* Work required *
Repeat nothing but the lines below running from the one containing "ASSEMBLEA DELL’ASSOCIAZIONE GENITORI" to the one containing "Turn your child". Keep both end lines.

* Data in this exercise *
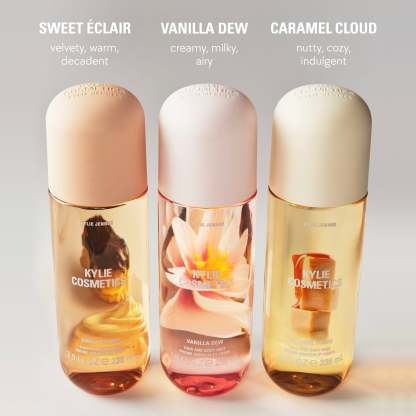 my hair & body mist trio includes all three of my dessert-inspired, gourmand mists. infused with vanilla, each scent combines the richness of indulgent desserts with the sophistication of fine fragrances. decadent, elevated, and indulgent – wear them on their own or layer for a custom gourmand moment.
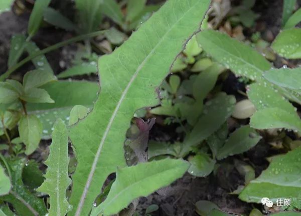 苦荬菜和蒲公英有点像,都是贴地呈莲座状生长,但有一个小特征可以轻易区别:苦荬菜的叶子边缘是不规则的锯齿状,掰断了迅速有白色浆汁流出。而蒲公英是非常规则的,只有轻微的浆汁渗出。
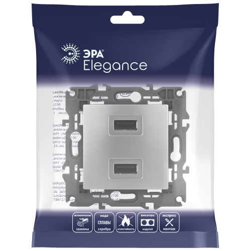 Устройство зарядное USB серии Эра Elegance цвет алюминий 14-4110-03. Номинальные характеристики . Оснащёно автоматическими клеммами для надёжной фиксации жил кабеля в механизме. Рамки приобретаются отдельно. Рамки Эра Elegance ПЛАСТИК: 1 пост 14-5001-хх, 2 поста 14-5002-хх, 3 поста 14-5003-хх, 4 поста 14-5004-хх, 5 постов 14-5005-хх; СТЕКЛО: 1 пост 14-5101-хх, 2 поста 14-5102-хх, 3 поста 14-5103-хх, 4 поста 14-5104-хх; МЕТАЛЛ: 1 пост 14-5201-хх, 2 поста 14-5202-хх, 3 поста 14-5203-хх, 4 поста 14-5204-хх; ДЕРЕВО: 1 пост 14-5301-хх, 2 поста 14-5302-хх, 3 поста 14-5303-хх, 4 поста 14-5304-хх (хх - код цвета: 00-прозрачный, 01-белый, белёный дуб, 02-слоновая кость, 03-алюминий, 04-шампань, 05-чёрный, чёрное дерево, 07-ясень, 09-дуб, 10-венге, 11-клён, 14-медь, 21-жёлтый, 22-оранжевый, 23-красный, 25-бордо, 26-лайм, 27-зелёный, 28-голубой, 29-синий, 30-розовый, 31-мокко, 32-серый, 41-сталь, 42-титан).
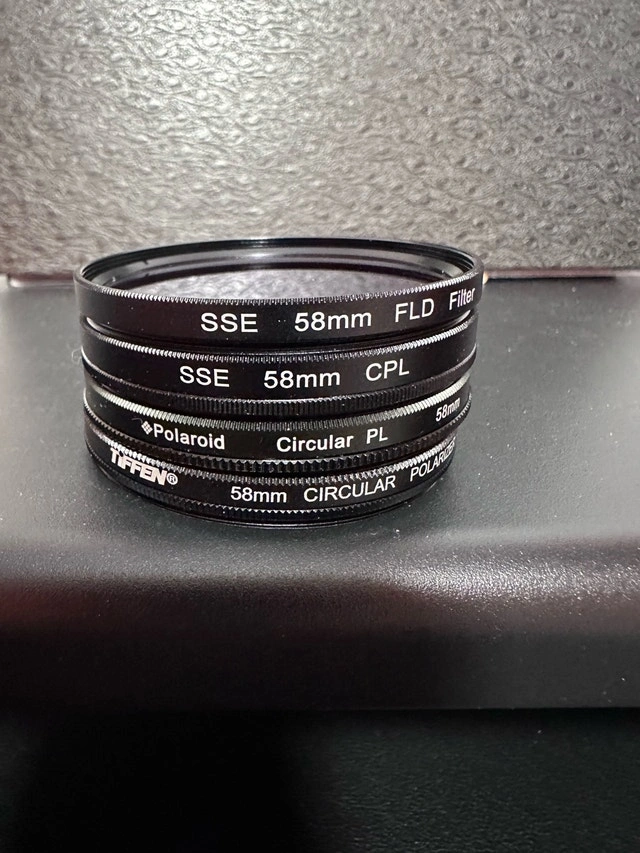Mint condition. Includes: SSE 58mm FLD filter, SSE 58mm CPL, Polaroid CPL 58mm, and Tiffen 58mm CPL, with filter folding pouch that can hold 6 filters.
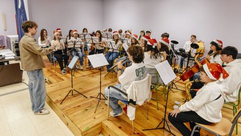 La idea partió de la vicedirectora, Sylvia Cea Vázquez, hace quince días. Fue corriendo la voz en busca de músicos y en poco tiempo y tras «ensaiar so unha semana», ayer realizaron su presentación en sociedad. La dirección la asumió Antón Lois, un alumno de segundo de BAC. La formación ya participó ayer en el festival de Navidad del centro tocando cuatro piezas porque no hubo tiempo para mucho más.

--

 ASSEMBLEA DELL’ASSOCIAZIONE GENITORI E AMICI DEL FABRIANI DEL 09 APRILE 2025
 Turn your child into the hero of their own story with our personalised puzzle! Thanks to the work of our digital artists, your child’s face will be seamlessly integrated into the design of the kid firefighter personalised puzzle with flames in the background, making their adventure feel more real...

* Response *
 ASSEMBLEA DELL’ASSOCIAZIONE GENITORI E AMICI DEL FABRIANI DEL 09 APRILE 2025
 Turn your child into the hero of their own story with our personalised puzzle! Thanks to the work of our digital artists, your child’s face will be seamlessly integrated into the design of the kid firefighter personalised puzzle with flames in the background, making their adventure feel more real...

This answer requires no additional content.